Craft fairs are fun to do because you risk meeting your market. A few years ago in Amsterdam, I was flogging my Betty & Cat books with moderate success at a Christmas fair, when a young English woman stopped at the stand and got all excited. Her father, her children’s grandfather, was having trouble bonding with his grandkids. They spoke Dutch among themselves, and of course, he didn’t.
This woman bought all three books as a Christmas present saying, “My dad’s going to love this!”
You can see how this would play out: Granddad on the couch with a grandchild and a Betty & Cat book. He doesn’t understand the word thuis and has it explained to him; the child doesn’t understand the word hedge and has it explained to her by her grandfather.
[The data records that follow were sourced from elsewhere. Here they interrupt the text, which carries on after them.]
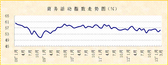 中國物流與采購聯合會、國家統計局服務業調查中心發布的2013年4月份中國非制造業商務活動指數較上月有所回落,但仍保持在54.5%的較高水平,意味著非制造業經濟依然保持平穩增長態勢。從分項指數看,從業人員指數和業務活動預期指數較上月均有回升,表明市場運行基礎依然良好。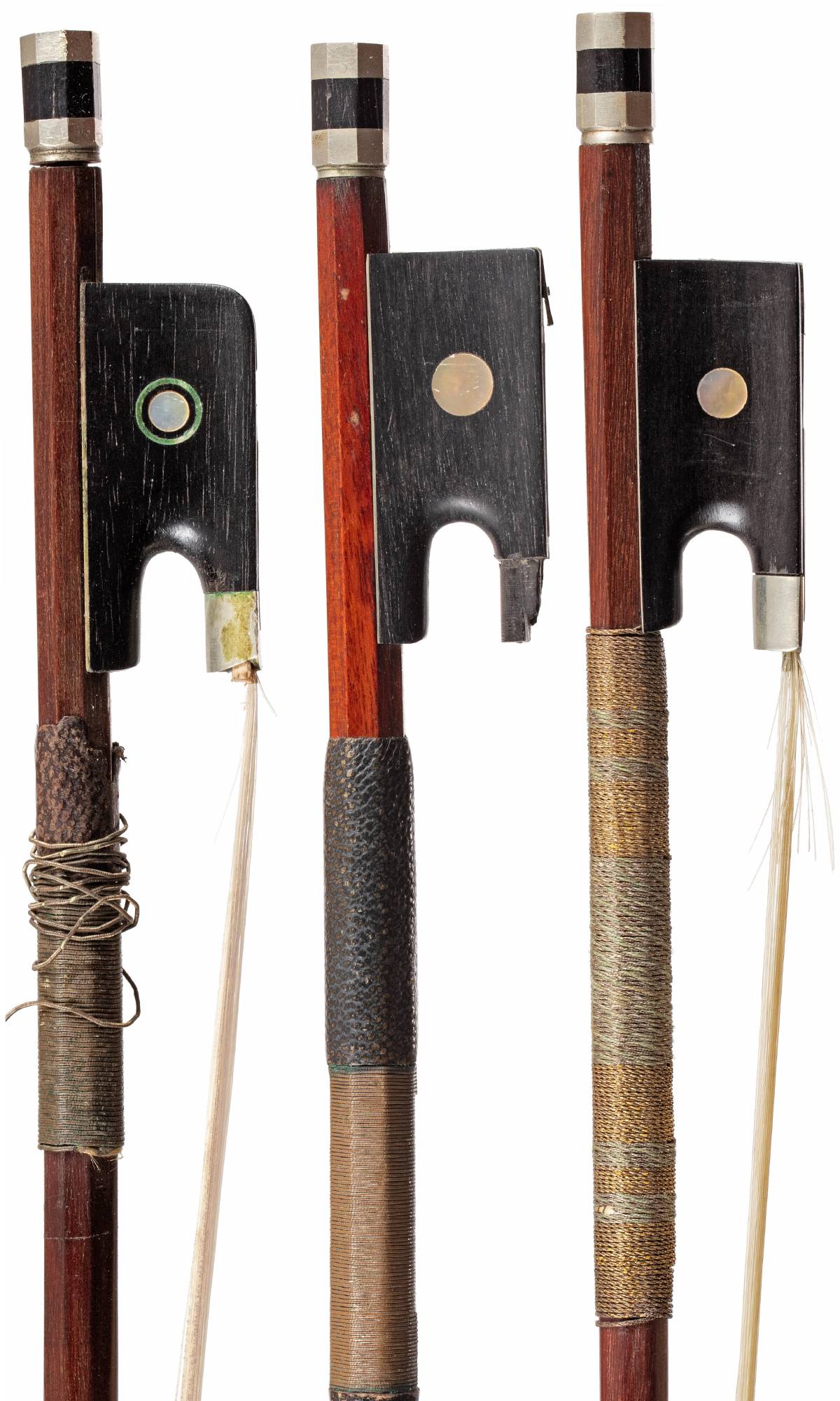 Lot de trois archets MIRECOURT dont un en pernambouc, probablement des ateliers PROSPER COLAS.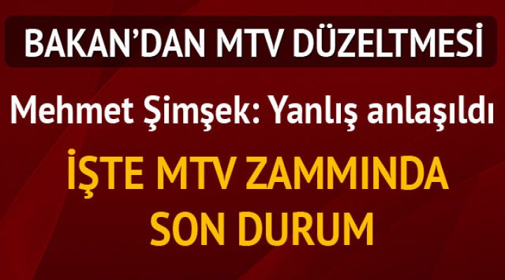 Cumhurbaşkanı Erdoğan, Motorlu Taşıtlar Vergisi zammının Bakanlar Kurulu'nda yeniden görüşüleceğini açıkladı. Ekonomiden Sorumlu Başbakan Yardımcısı Şimşek de önce "MTV, tamamen 2018'in başından itibaren alınacak sıfır araçlardan alınacak" dedi, sonra düzeltme yaptı.
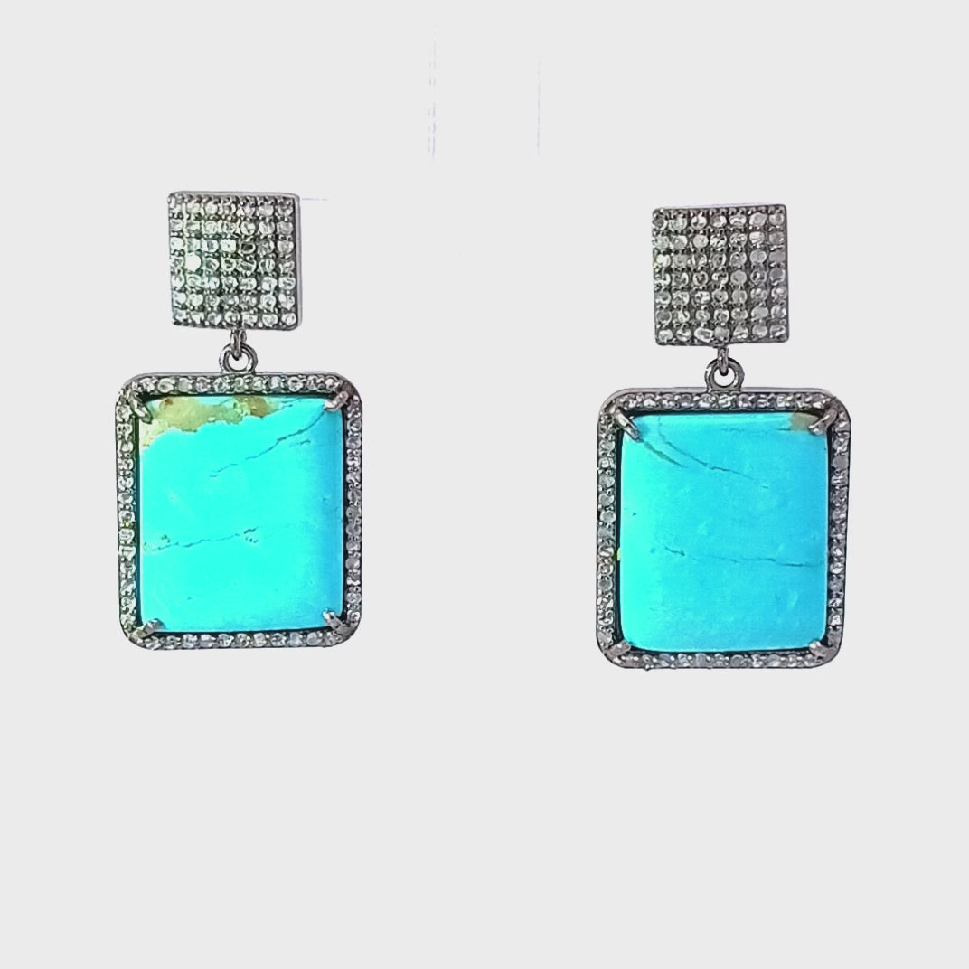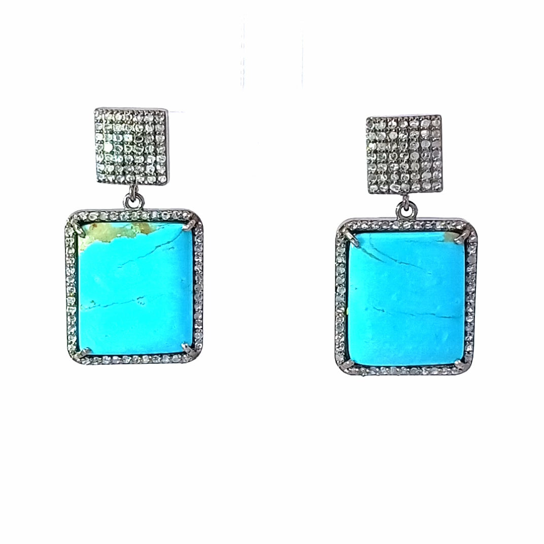 Turquoise and Diamond Earring in Sterling Silver Handmade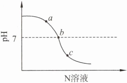 15. 已知 M、N 分别是稀盐酸、氢氧化钠溶液中的一种。某化学兴趣小组同学在一定量的 M 中不断滴加 N,并测定所得溶液的 pH,如图所示。

The primary objective when I wrote these books was to raise the confidence levels of all concerned. I wanted children reading the books to feel a sense of accomplishment – as well as finding their bilingual experience reflected in a “real” book. I wanted parents reading the books to their kids to feel confident about a target language they maybe weren’t that sure of. And I wanted to give grandparents the experience of participating in the bilingual life of a grandchild.
When I was a Dutch kid growing up in Montreal, language was a game for us. When I was 7 or 8, I remember we made a tape to send “back home”. My dad made me recite Humpty Dumpty into the tape recorder (God knows what they made of this in Holland, but I was game). The sense of pride and accomplishment was enormous. And a love of language – any language – turned into a lifelong adventure. Win-win.